= Assignment =
In the lines below, output everything from the first line through the line containing "东兰县红十字志愿者为社区老人送上百家米。高东风 摄" exactly as it is. Pictures are not part of the output.

= Collected material =
********************

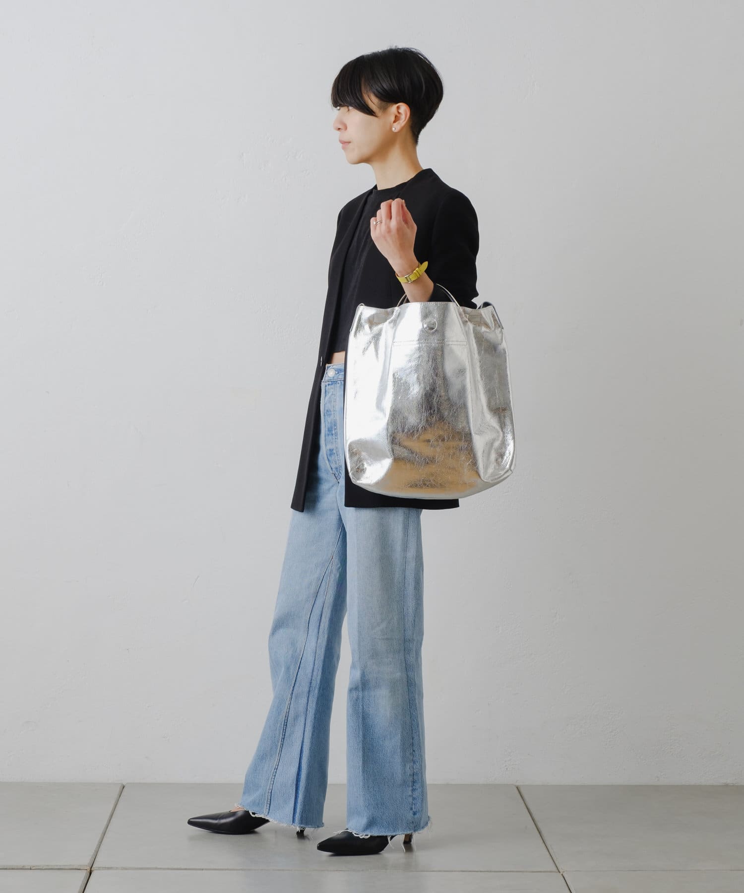 這款雙向手袋帶有恰到好處的金屬質感,增添了一絲優雅。
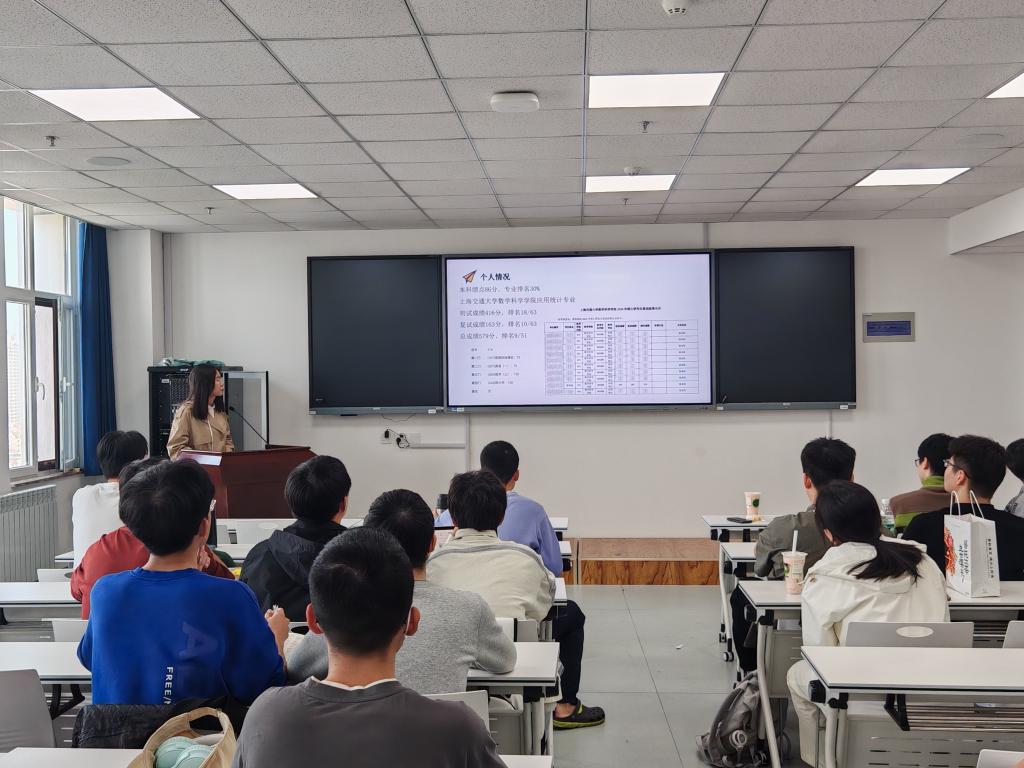 本站讯 4月28日下午,澳门十大网投平台排行于北衡楼1420室举办第二十三期励志周末活动,本期活动主题为“‘研’途追梦,学海无涯”。2020级统计学专业本科生曹若涵、林京园,2020级数学与应用数学专业本科生谭宇森,2020级统计学(数据科学与人工智能)专业本科生刘文垚应邀进行考研经验分享。学院60余名学生参加了本次活动。
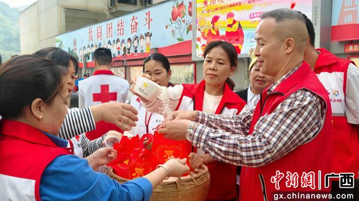 东兰县红十字志愿者为社区老人送上百家米。高东风 摄
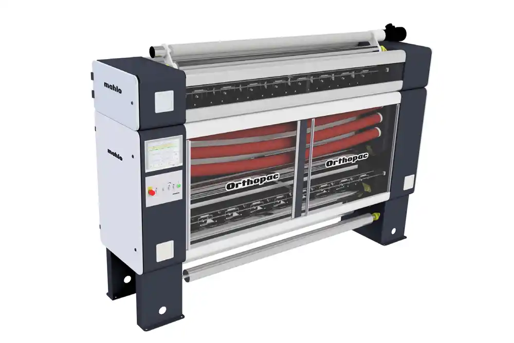 Mahlo’s new Orthopac RVMC-20 plus advances its automatic weft-straightening platform with “double scanning” and AI-supported control. Two detection units—one at the fabric inlet and another at the outlet—combine Feed Forward Control (detect distortions before they reach the straightening rollers) with Closed Loop Control (measure the result and correct it continuously in real time). The aim is straighter fabric at high speeds, with less waste and more consistent quality.

********************

= Response to the task =
 這款雙向手袋帶有恰到好處的金屬質感,增添了一絲優雅。
 本站讯 4月28日下午,澳门十大网投平台排行于北衡楼1420室举办第二十三期励志周末活动,本期活动主题为“‘研’途追梦,学海无涯”。2020级统计学专业本科生曹若涵、林京园,2020级数学与应用数学专业本科生谭宇森,2020级统计学(数据科学与人工智能)专业本科生刘文垚应邀进行考研经验分享。学院60余名学生参加了本次活动。
 东兰县红十字志愿者为社区老人送上百家米。高东风 摄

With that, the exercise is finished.